A theme runs through the TV networks' new drama series for fall: Something, somewhere, is out to get us.

May 20, 2005|Paul Brownfield | Times Staff Writer

NEW YORK — Ashton Kutcher is going to save TV comedy with a reality show, Jennifer Love Hewitt communicates with the dead, and Geena Davis is going to take over as president of the United States.

Other news from the annual upfront presentations in New York: Practically every drama has something to do, however dimly, with the war on terror.

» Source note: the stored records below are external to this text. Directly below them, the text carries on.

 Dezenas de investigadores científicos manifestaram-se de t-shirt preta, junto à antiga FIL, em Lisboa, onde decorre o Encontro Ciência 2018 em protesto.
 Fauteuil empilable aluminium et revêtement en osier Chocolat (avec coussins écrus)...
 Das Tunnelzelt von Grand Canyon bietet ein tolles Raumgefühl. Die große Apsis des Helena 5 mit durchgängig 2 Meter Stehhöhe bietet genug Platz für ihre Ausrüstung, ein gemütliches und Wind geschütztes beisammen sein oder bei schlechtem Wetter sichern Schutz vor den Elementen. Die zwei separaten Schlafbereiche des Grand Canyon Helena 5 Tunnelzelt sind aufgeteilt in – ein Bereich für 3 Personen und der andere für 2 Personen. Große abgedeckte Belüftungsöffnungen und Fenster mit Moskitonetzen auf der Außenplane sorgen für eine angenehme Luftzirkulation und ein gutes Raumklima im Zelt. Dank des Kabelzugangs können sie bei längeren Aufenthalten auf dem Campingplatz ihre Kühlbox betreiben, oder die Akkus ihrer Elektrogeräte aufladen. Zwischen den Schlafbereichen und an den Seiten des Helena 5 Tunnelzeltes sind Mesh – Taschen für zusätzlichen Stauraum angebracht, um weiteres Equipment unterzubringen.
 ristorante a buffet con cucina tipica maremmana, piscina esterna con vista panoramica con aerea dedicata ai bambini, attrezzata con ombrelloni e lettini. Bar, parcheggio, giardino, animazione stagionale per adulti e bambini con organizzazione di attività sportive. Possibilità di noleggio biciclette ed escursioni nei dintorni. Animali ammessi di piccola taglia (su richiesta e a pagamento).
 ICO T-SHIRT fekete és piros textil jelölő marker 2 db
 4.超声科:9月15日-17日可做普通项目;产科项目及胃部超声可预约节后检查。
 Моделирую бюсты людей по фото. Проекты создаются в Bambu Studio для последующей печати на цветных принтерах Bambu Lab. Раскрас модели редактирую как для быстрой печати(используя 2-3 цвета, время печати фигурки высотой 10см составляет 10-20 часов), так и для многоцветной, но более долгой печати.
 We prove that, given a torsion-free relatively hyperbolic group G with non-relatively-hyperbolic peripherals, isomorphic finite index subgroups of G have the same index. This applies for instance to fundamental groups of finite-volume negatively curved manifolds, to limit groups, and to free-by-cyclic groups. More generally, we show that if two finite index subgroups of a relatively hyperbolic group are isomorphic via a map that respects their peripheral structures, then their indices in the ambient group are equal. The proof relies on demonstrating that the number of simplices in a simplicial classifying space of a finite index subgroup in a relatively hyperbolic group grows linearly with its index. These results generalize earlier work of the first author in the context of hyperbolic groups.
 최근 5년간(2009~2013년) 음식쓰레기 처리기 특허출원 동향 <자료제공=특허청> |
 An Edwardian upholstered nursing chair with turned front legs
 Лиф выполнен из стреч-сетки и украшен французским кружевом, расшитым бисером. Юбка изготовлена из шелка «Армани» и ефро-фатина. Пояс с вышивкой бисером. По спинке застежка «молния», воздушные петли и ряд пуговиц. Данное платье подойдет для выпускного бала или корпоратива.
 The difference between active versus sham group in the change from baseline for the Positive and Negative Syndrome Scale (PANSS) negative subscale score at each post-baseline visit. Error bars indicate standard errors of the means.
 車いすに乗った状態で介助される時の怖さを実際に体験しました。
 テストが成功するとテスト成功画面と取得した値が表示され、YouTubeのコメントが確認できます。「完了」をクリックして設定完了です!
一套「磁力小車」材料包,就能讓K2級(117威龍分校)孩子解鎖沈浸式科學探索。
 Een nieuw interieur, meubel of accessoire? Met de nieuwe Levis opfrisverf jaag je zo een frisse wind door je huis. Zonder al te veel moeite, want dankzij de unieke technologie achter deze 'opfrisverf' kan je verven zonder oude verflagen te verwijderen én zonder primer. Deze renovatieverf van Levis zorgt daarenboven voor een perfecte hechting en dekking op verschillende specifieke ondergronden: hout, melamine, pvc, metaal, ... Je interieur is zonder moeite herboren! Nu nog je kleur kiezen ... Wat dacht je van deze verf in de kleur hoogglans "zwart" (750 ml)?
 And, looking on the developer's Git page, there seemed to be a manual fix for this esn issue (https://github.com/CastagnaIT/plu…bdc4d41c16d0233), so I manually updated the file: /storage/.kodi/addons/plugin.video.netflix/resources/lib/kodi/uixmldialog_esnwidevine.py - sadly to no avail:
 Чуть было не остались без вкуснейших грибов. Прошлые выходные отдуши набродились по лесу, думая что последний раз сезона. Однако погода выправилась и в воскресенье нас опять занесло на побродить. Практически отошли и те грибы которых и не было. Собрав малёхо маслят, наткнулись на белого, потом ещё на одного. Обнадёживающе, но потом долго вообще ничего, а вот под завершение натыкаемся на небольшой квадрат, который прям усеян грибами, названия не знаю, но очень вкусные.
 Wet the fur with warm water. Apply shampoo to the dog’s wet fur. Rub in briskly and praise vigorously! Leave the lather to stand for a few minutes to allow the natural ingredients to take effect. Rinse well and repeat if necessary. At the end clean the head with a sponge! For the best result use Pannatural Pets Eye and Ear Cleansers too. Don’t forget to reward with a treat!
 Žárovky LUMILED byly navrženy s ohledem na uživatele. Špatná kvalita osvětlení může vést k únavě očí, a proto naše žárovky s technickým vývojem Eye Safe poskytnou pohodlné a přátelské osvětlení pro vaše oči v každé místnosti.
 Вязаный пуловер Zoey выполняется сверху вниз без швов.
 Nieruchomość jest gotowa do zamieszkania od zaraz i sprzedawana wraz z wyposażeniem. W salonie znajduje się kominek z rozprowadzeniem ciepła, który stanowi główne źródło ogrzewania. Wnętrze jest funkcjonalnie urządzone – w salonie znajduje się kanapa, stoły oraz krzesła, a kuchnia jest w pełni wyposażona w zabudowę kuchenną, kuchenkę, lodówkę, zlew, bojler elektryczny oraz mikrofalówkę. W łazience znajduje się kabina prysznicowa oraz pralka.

It's at the upfronts that advertising buyers, herded into venerable buildings like Madison Square Garden and Carnegie Hall, get a sneak preview of next fall's new series. Over four days I can recall them laughing -- collectively, hard -- once. That was when Kutcher, executive producer of the WB reality series "Beauty and the Geek," came onstage at the Garden and showed clips. Airing in June, it has five nerds put in a house with five attractive airhead women, one of whom says with certainty: "1942 is when Columbus sailed the ocean blue."

Other than Kutcher, the only other reality star to emerge this week was already a star, Martha Stewart, whom NBC trotted out at Radio City Music Hall to say a few cold words about "The Apprentice: Martha Stewart." She was dressed in a creme-colored pantsuit that nicely accentuated her coloring while coolly obscuring her court-mandated ankle bracelet. "America is in for a surprise," she said. She did not seem as tremendously excited as the other stars who came onstage all week to say how tremendously excited they were.

Most of the new dramas the networks unveiled, it seemed, have to do with the fact that nobody knows what the war on terror means, although they remain terrified by it, whether the fear resides in a Red state or a Blue one. The paradigm for the new network drama apes Americans' airborne paranoia, brought on by a terrorist attack followed by a war that has failed to bring the enemy into focus.

The new shows are following a successful show that struck this nerve first, ABC's "Lost," but the sudden accumulation of them signals a dimly held collective consciousness that something -- we can't see it -- is out to get us. "Invasion," on ABC, is about an extraterrestrial run amok in an otherwise tranquil Florida hamlet. On CBS' "Threshold," another extraterrestrial threat brings out a crack team of social misfits. "E-Ring," on NBC, places our national security in the hands of an idealistic Benjamin Bratt and hawkish Dennis Hopper in a top-secret wing at the Pentagon.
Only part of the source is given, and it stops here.